JPS59223726A - Chemical ring closure of polyamic acid - Google Patents

Abstract

PURPOSE:To effect the chemical ring closure of a polyamic acid at a good degree of imidation with a prolonged gelation time in spite of its being a two- component system, by reacting an organic solvent solution of a polyamic acid in the presence of an imidazole and a carboxylic acid monoanhydride. CONSTITUTION:A polyamic acid obtained by reacting a diamine with a tetracarboxylic acid dianhydride is chemically ring-closed into an imide by reacting an organic solvent solution of the polyamic aicd at 170 deg.C or below in the presence of a carboxylic acid monoanhydride and an imidazoles of formula I (wherein R<1>, R<2>, and R<3> are each H, an aliphatic group, an aromatic group, cycloalkyl, or aralkyl), formula II (wherein R<4> is H, an aliphatic group, cycloalkyl or aralkyl, and R<5>, R<6>, R<7>, and R<8> are each H, a halogen atom, an aliphatic group, an aromatic group, cycloalkyl, or aralkyl, or/and formula III (wherein R<9>, R<10>, R<11>, R<12>, R<13>, R<14>, and R<15> are each H, an aliphatic group, an aromatic group, cycloalkyl, or aralkyl, R<16> is alkylene, alkylidene or phenylene, and X is a halogen atom, cyano, nitro, or acetyl).

Description

DETAILED DESCRIPTION OF THE INVENTION The present invention relates to a new process for ring-closing polyamic acids with polyimides. Thermal ring-closing method and chemical ring-closing method are known as methods for producing polyimide by ring-closing polyamic acid, but in general, in the thermal ring-closing method, the imidization reaction is slow unless the polyamic acid is greater than /gO'Q. The imidization of and the hydrolysis of polyamic acid are concerted reactions,
Therefore, the mechanical properties of chikupolyimide films prepared by the thermal ring-closing method are extremely poor.

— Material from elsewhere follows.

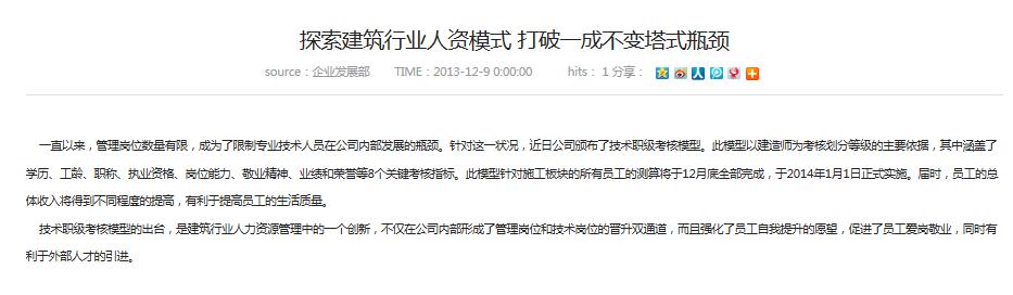 一直以來,管理崗位數(shù)量有限,成為了限制專業(yè)技術人員在公司內部發(fā)展的瓶頸。針對這一狀況,近日公司頒布了技術職級考核模型。此模型以建造師為考核劃分等級的主要依據(jù),其中涵蓋了學歷、工齡、職稱、執(zhí)業(yè)...

On the other hand, in the chemical ring closure method, the reaction is carried out at iqo'6 or less, so
Since the hydrolysis reaction of polyamic acid progresses slowly, there is little decrease in the degree of polymerization of the produced polyimide.Therefore, polyimide films made by the chemical ring closure method have good mechanical properties but contain a large amount of tertiary amine compounds. The amount of carboxylic acid anhydride is required to be equal to or more than the amide bond of the polylamide acid. Among the tertiary amine compounds, isoquinoline and pyridine are effective when used in a relatively small amount, but the amount used is required to be 1 mole or more per amic acid bond of the polyamic acid.

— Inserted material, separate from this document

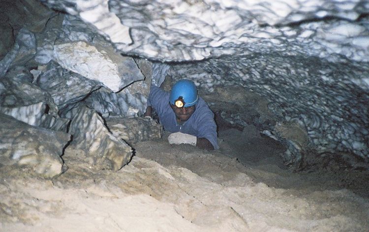 (click on images to enlarge) Cueva del TigréThis was the only lava tube that we visited this year. The cave is used as a wild show cave due to its close proximity to the road and easy walking sized passage. Our interest in the cave was to see if we could follow the huge draft at the end. Four hours were spent digging out a sand-filled tube. Digging conditions were horrendous. The basalt was extremely sharp and the visibility was virtually zero as we stirred up huge clouds of dust. Fortunately we had come equipped with a bag of dust masks. Excellent progress was made but we were unable to break through. The dig ended under an area of boulders with airspace and a howling draft. More passage here is a certainty! Above ground we headed off across the featureless lava plain to see if we could find another entrance. After a couple of hours under the blazing sunshine we called it a day. On a previous day we had driven around looking for a cave that a local farmer had spotted. As is always the way with these things the location description didn't fit the topography. But bearing in mind the huge expanse of basalt in the area related to the El Payan volcano, there are undoubtedly more lava tubes to be found.

Moreover, in such chemical ring closure, carboxylic acid anhydride and tertiary amine are added to polyamic acid solution, and IO
It has the disadvantage that it completely gels when mixed for minutes. Therefore, the present inventors conducted intensive studies to find a chemical ring-closing agent with a long gelation time, and found that a two-component system consisting of an acid anhydride and an imidazole was able to significantly extend the gelation time. - We have discovered a chemical raw material that can be imidized in the same way as a tertiary amine type, and have thus arrived at the present invention.

That is, the gist of the present invention is to convert an organic solution of a polyamic acid obtained by the reaction of a diamine and a tetracarboxylic acid dihydride into a solution of the general formula [I], [■] or / or [open] H+ (in the formula, R1, R2 and R8 are hydrogen atoms, aliphatic groups,
Aromatic group 1. It may be substituted with a cycloalkyl group or an aral or alkoxy group. ) (wherein, R4 represents a hydrogen atom, an aliphatic group, an aromatic group, a cycloalkyl group, or an aralkyl group, and R11, R6, R7, and R♂
represents a hydrogen atom, a halogen atom, an aliphatic group, an aromatic group, a cycloalkyl group, or an aralkyl group. However, one or more hydrogen atoms of the cycloalkyl group and the aralkyl group may be substituted with a halogen atom or an alkoxy group. ) 11 (wherein, R11, RIO, R11, RI2, R13, R
I4 and R1 represent a hydrogen atom, an aliphatic group, an aromatic group, a cycloalkyl group or an aralkyl group. However, one or more hydrogen atoms of the cycloalkyl group and the aralkyl group may be substituted with a halogen atom or an alkoxy group. Reacts with the imidazole region represented by R1"(t'i represents an alkylene, alkylidene, or phenylene group; The invention consists in a method of chemically ring-closing polyamic acid and imidizing it.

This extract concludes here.